* _EXERCISE PROMPT_
Among the entries below, which lines run from the line with "President Rody Duterte" through the line with "兔宝宝地板拥有五大国际认证,分别是FSC"? Retype those, both ends included, exactly and without pictures.

EXERCISE MATERIALS START

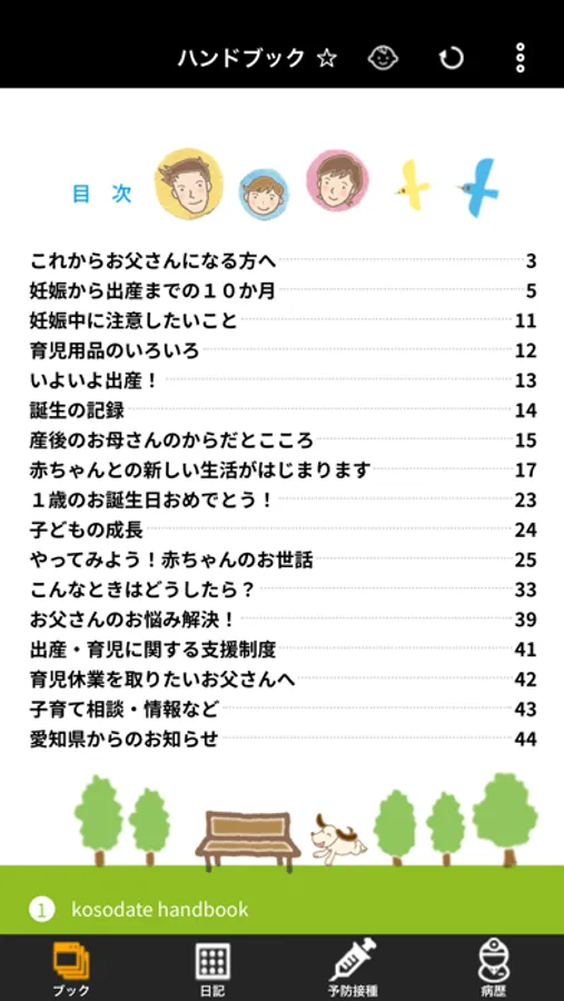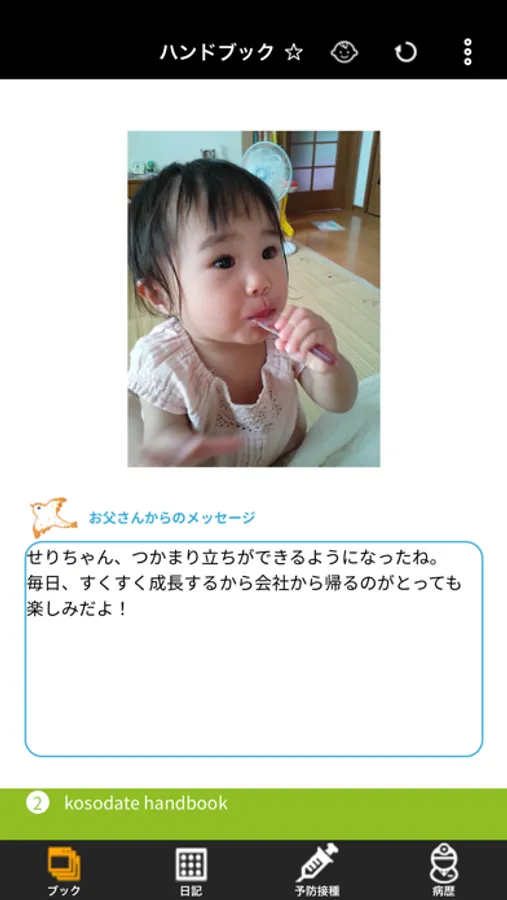 このアプリケーションはお父さんが子育てをする時のガイドとしてご活用いただくとともに、お子様の成長や思い出を記録したり、写真を登録することができる日記・アルバム機能を備えています。また、予防接種の予定や実施日、病歴なども登録でき、大切なお子様を守ることに繋がります。
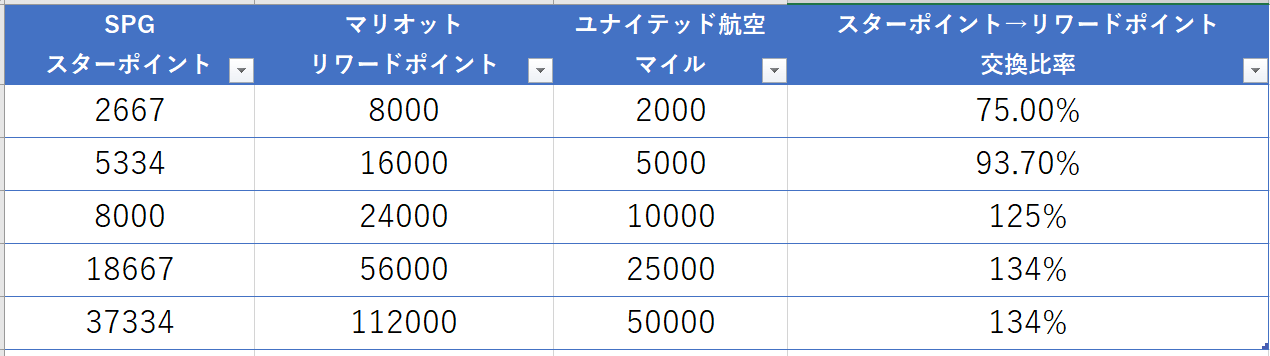 SPGスターポイントからユナイテッド航空マイルへの直接交換は効率が悪い
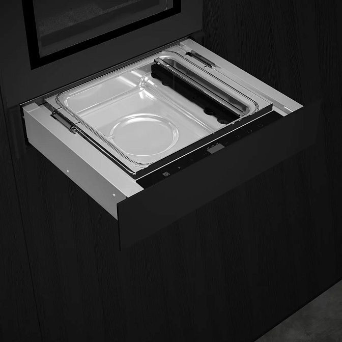 Дизайн упаковщика выполнен в строгом и современном стиле, что позволяет ему гармонично вписаться в любой интерьер. Отделка из высококачественного черного стекла придает ему особую элегантность и благородство. Управление упаковщиком осуществляется с помощью сенсорной панели, что делает его использование максимально удобным и простым.
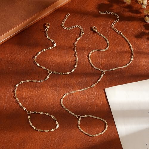Hand Chain Bracelet for Women - 14K Gold Plated Ring Hand Chain Bracelet Dainty Link Finger Ring Bracelets Gold Jewelry Gifts for Women Trendy 4
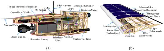 The structure of MP Solar UAV was a traditional beam-rib structure made of carbon, KEVLAR, and balsa wood. The beam of the main wing was a rectangular hollow section beam consisting of rectangular carbon tubes arranged up and down and walls with lightening holes. The rectangular beam had better bending resistance than the circular carbon tube beam, which was harder to deform under overload caused by sudden wind, ensuring the safety of solar cells. The wing ribs, trusses, and the solar cells laid on the upper surface of the wing formed a shell structure, ensuring good torsional stiffness of the wing (Figure 9b).
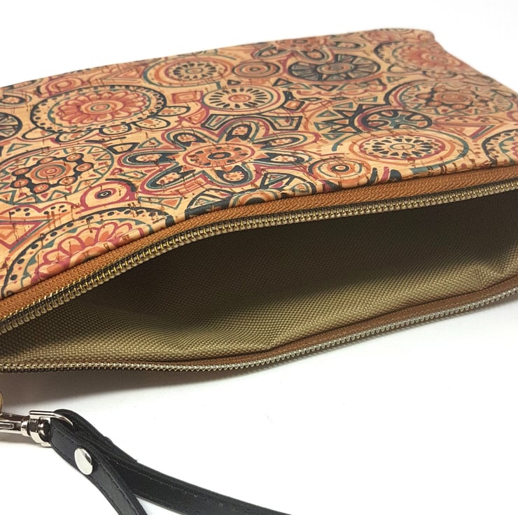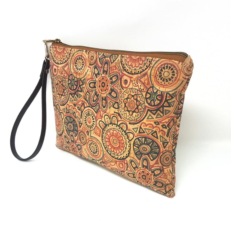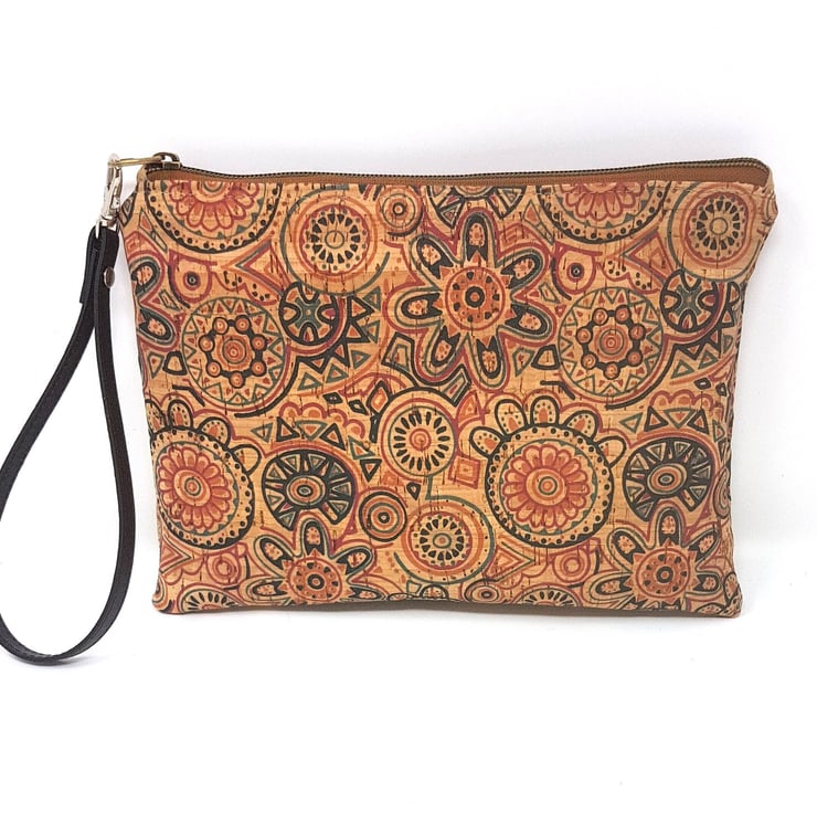 Stunning cork leather vegan wristlet clutch bag in a beautiful ethnic symbols print. Cork is beautifully soft and supple yet makes a very sturdy quality bag. Treat yourself or ideal as a gift!!
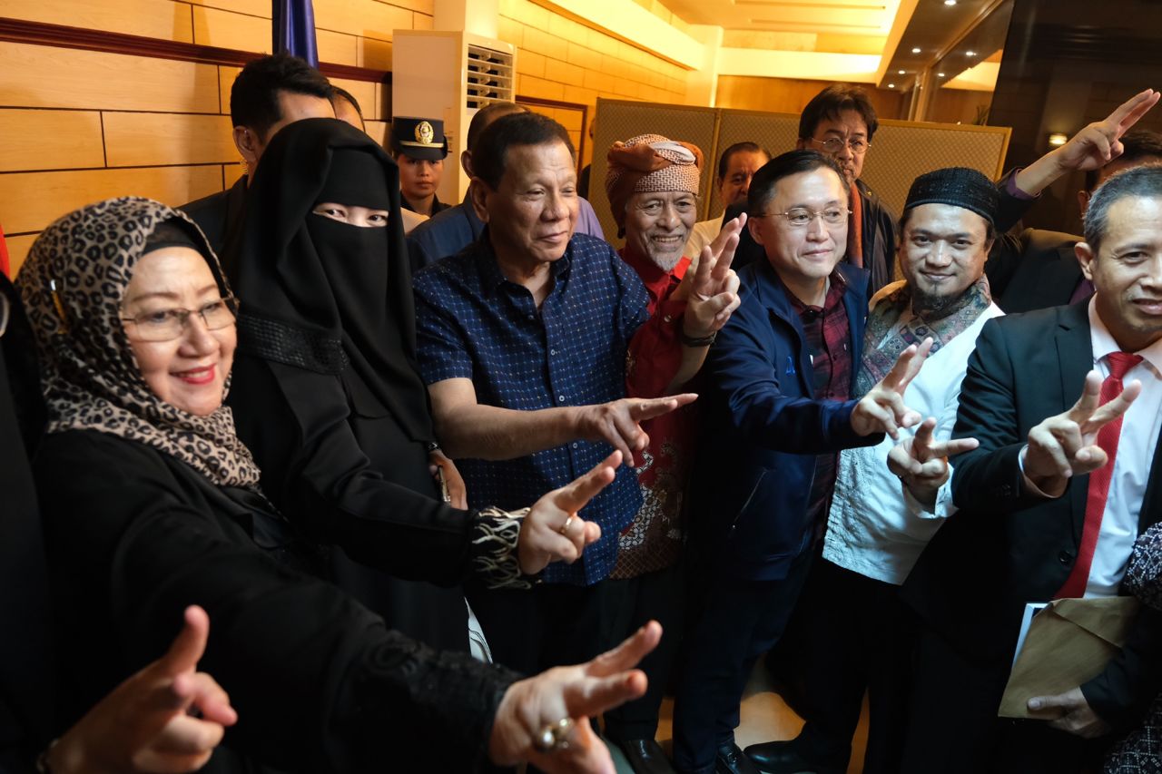 President Rody Duterte welcomes Moro National Liberation Front founding chairman Nur Misuari in a press conference in Malacañang on Thursday, November…
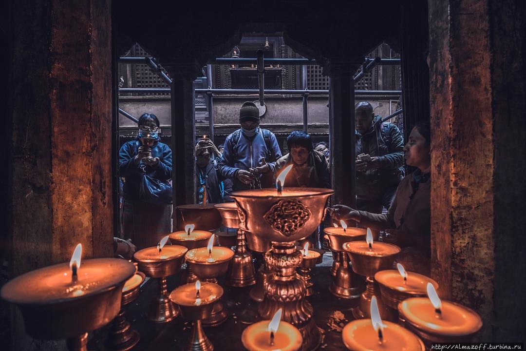 А ещё из окна храма можно заглянуть в лицо Будде Безграничного Света (тиб. Опаме, санск. Амитаба), статуя которого установлена на втором уровне ступы. Снизу, от подножия ступы его не видно.
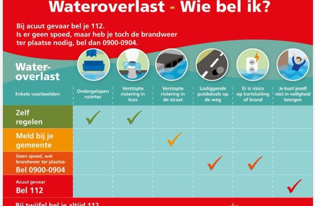 Wateroverlast is erg vervelend en om snel te kunnen handelen is het belangrijk dat je weet wie je moet bellen.
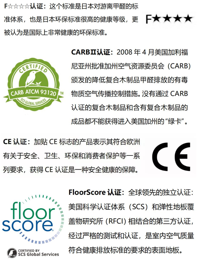 兔宝宝地板拥有五大国际认证,分别是FSC森林认证、美国CARBⅡ认证、国际FloorScore认证、日本大臣F4星认证、欧盟CE认证。
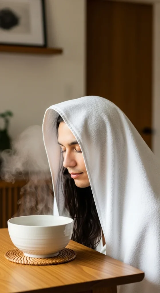 Warm steam helps relaxation. Use plain water or add herbs if available.
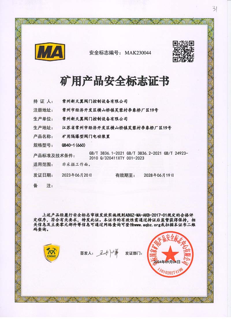 礦用產(chǎn)品安全標(biāo)志證書ZJK60-24(660)
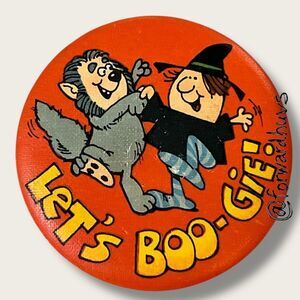 This listing features a vintage Hallmark Halloween pin-back button from 1980, measuring approximately 2.25 inches in diameter. The design showcases a festive cartoon scene with a dancing witch and werewolf.
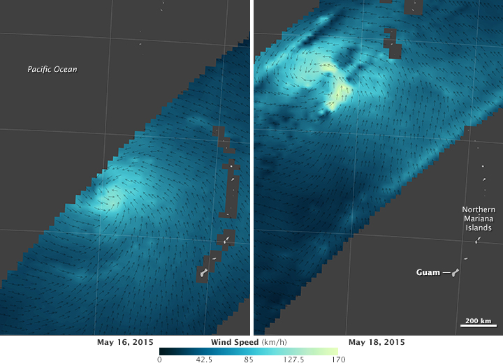 In this case, RapidScat acquired data on two dates. On May 16, the strongest winds of Typhoon Dolphin were south and east of the center of circulation, with sustained wind speeds near 120 kilometers (70 miles) per hour. By May 18, maximum sustained winds were 170 kilometers (110 miles) per hour in the northern and eastern quadrants of the storm.
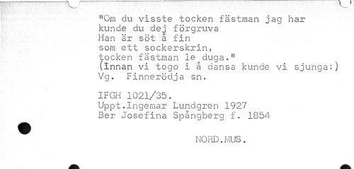 //// u0m du visste töcken fästman jag har //// kunde du dej förgruva //// Han är söt å fin //// som ett sockerskrin, //// töcken fästman le duga." //// (innan vi togo I å dansa kunde vi sjunga:) Vg. Finnerödja sn. //// IFGH 1021/35. //// Uppt.Ingemar Lundgren 1927 Ber Josefina Spångberg f. 1854 //// ^ NORD.MUS. ////
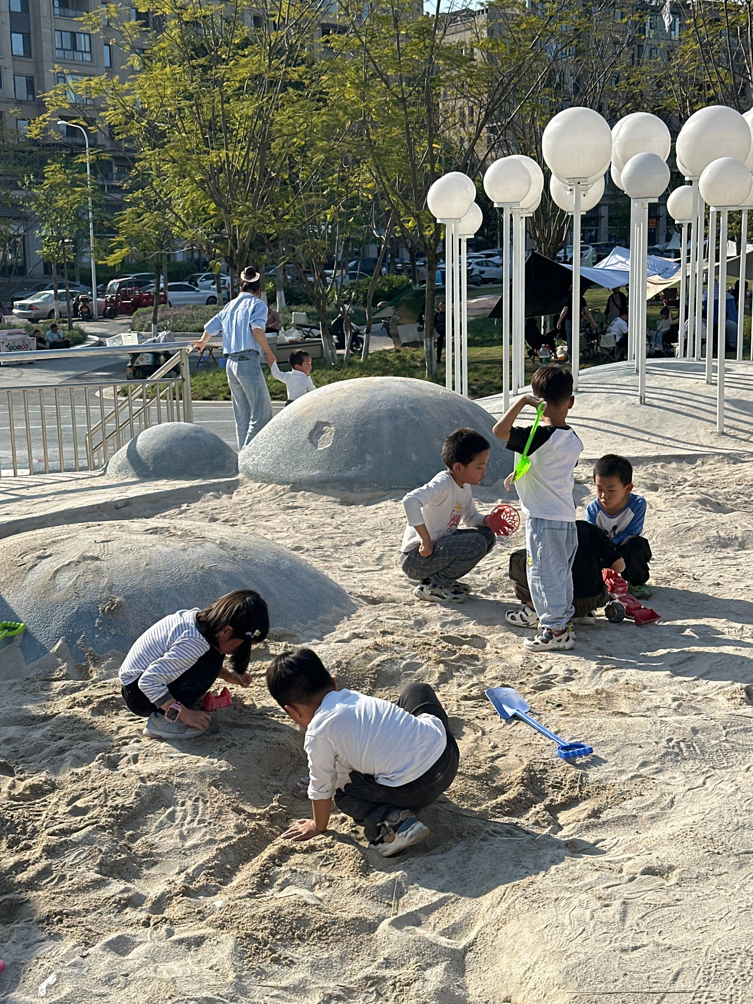 The image depicts a group of children playing in a sand pit at an outdoor park. Five children are visible, ranging in age from approximately 6 to 10 years old. They are interacting with the sand and e…read more
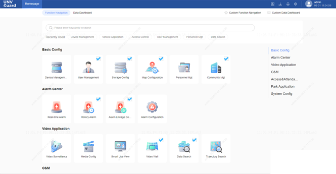 UNV Guard is a comprehensive security management platform that integrates multiple functions such as video surveillance, personnel management, access control management, and data search. The software adopts distributed deployment, is easy to use, and supports devices including encoding devices, decoders, access control devices, video intercom devices, etc. to provide a smart, comfortable, and safe visualized service for schools, residential buildings, supermarket, etc.

EXERCISE MATERIALS END

* _TASK SOLUTION_
 President Rody Duterte welcomes Moro National Liberation Front founding chairman Nur Misuari in a press conference in Malacañang on Thursday, November…
 А ещё из окна храма можно заглянуть в лицо Будде Безграничного Света (тиб. Опаме, санск. Амитаба), статуя которого установлена на втором уровне ступы. Снизу, от подножия ступы его не видно.
 Wateroverlast is erg vervelend en om snel te kunnen handelen is het belangrijk dat je weet wie je moet bellen.
 兔宝宝地板拥有五大国际认证,分别是FSC森林认证、美国CARBⅡ认证、国际FloorScore认证、日本大臣F4星认证、欧盟CE认证。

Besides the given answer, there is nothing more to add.